The obstacles to MARC coming to Newark DE is completion of more complete high level platforms on both sides of the ROW and the fact that MARC wants Delaware to cover the operating cost in Delaware, and Delaware not being quite sure if they want to find the money for that yet. These issues will possibly take longer to resolve than for the new station building to be built, which was going to happen anyway, MARC or not. Of course the platform issue is somewhat tied with the new station construction too.


----------



## neroden (Jun 8, 2018)

Finally getting high-level platforms and ADA access is a big deal, and they are actually cleaning up the track layout (getting freight out of the way) which should provide some more throughput.


----------



## AmtrakBlue (Jun 8, 2018)

neroden said:


> Finally getting high-level platforms and ADA access is a big deal, and they are actually cleaning up the track layout (getting freight out of the way) which should provide some more throughput.


It already has a high level platform for SEPTA.Not sure this station will be used for Amtrak, at least not until they install a platform between the tracks (I think that’s on the agenda).


----------



## jis (Jun 8, 2018)

AmtrakBlue said:


> neroden said:
> 
> 
> > Finally getting high-level platforms and ADA access is a big deal, and they are actually cleaning up the track layout (getting freight out of the way) which should provide some more throughput.
> ...


Newark DE is already served by Amtrak. Has been for a long long time. Are they planning to discontinue that?


----------



## cpotisch (Jun 8, 2018)

redacted


----------



## AmtrakBlue (Jun 8, 2018)

jis said:


> AmtrakBlue said:
> 
> 
> > neroden said:
> ...


They don’t use the track next to the current platform on that side (northbound). As far as I know the pax have to cross over track 1 for north/east bound Amtrak trains.


----------



## jis (Jun 8, 2018)

But the station is served. Are you saying that they plan to stop serving it pending construction of high platform between the tracks? I am just trying to figure out exactly what is being communicated.


----------



## AmtrakBlue (Jun 8, 2018)

jis said:


> But the station is served. Are you saying that they plan to stop serving it pending construction of high platform between the tracks? I am just trying to figure out exactly what is being communicated.
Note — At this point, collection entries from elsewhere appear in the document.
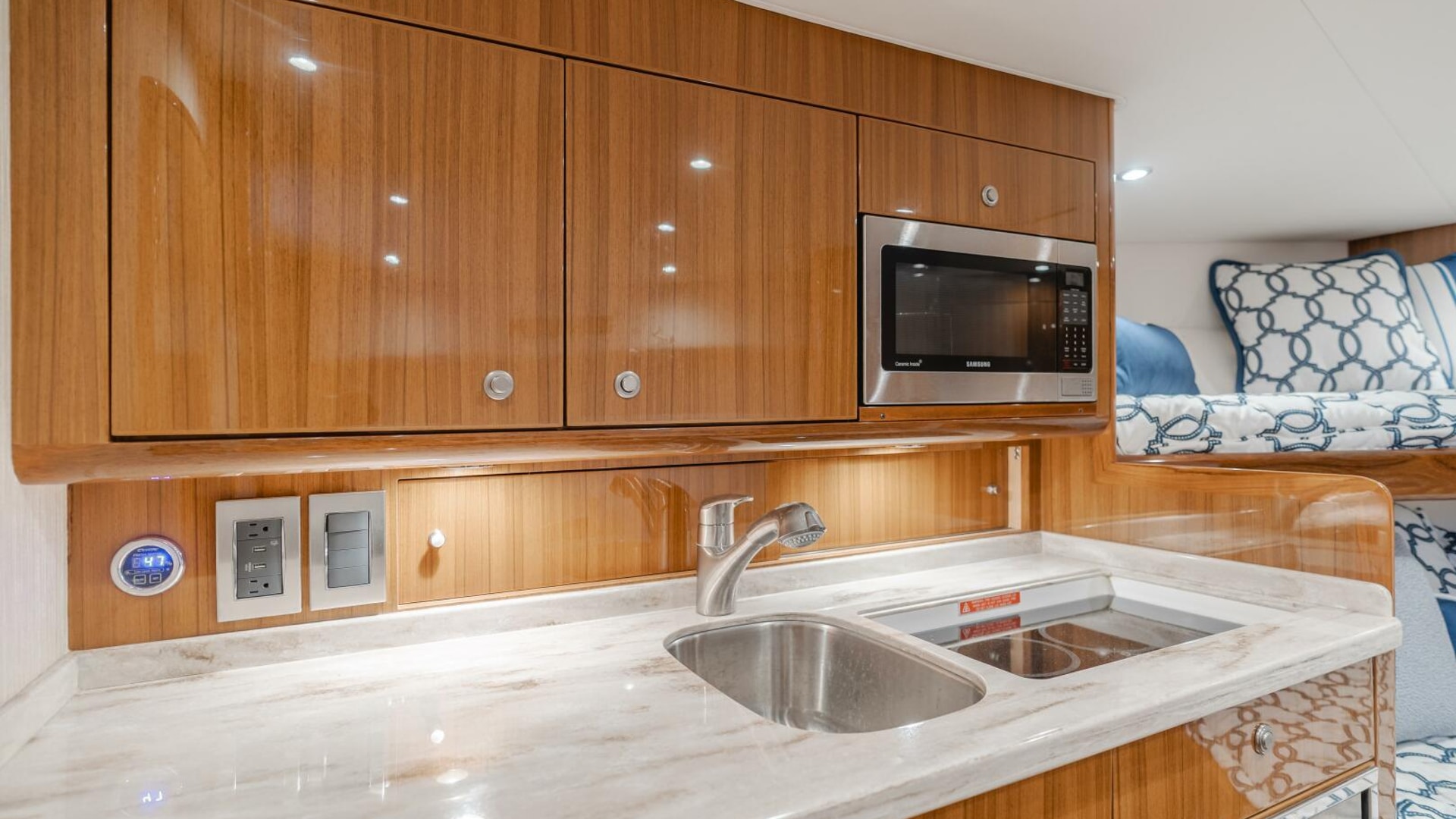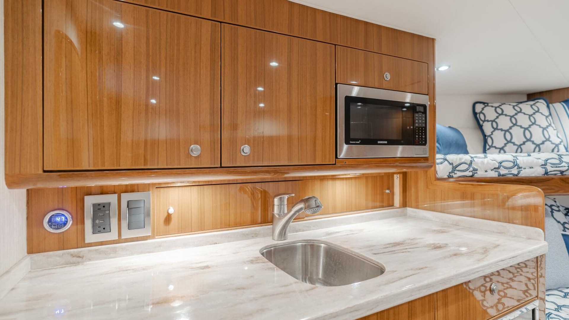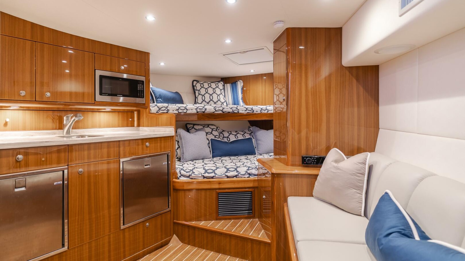 This 38 Viking open has been barely used and lift kept. The boat was shipped by truck so hours are extremely low on her powerful Cummins QSB 6.7L 550Hp diesels. She has extended engine warranty until 11/20/2025 and annual services have been done. Notable features include a SeaKeeper stabilizer, Onan 9kw generator, Palm Beach Towers hard top. She has a full Garmin electronics suite with a powerful 3KW transducer for her fish finder. Helm chairs are beautiful Release Marine teak ladderback clad in ultra-leather upholstery. The interior is tastefully decorated, and the owner added a custom teak interior table with removable base from Release Marine Tables. There is a nice galley to port with undercounter drawer refrigeration and a good-sized head with separate stall shower. This boat represents a great opportunity to have a like-new boat without the wait to build.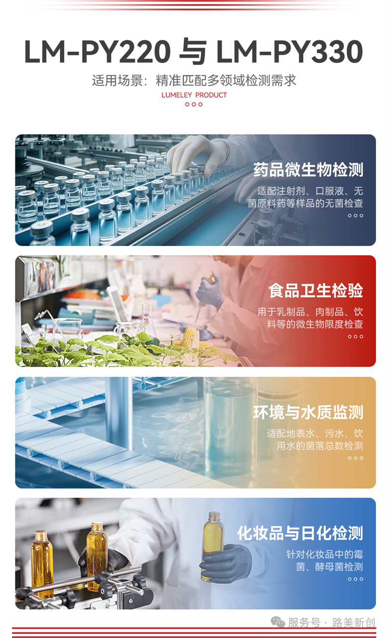 LM-PY220 与 LM-PY330 虽核心技术一致,但适配不同检验量需求,能覆盖药品、食品、环境三大核心检测领域: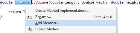 Code generation with Add Member is a convenient way to add a method or member variable to a class. The command is available from any reference to a class, so you add members without interrupting your normal flow of editing.

Trying to convey that Amtrak doesn’t currently use the high platform where the new station is being built because the pax have to cross track 1 to board on that side. The other side, next to the original station, is just asphalt - no high platform.


----------



## jis (Jun 8, 2018)

But isn't the overall plan for Newark DE station to construct a high platform on the other side to? or did I misunderstand?

Incidentally there are only two trains a day at most in each direction that calls at Newark DE, so it is not essential to have all tracks have a platform on them. With the track realignment, it should be possible for eastbound Amtraks to use the current platform I thought. But I may be wrong of course.


----------



## AmtrakBlue (Jun 8, 2018)

jis said:


> But isn't the overall plan for Newark DE station to construct a high platform on the other side to? or did I misunderstand?
> 
> Incidentally there are only two trains a day at most in each direction that calls at Newark DE, so it is not essential to have all tracks have a platform on them. With the track realignment, it should be possible for eastbound Amtraks to use the current platform I thought. But I may be wrong of course.


I don’t remember which is why I mention “until”. I thought the platform was going to be in the middle.


----------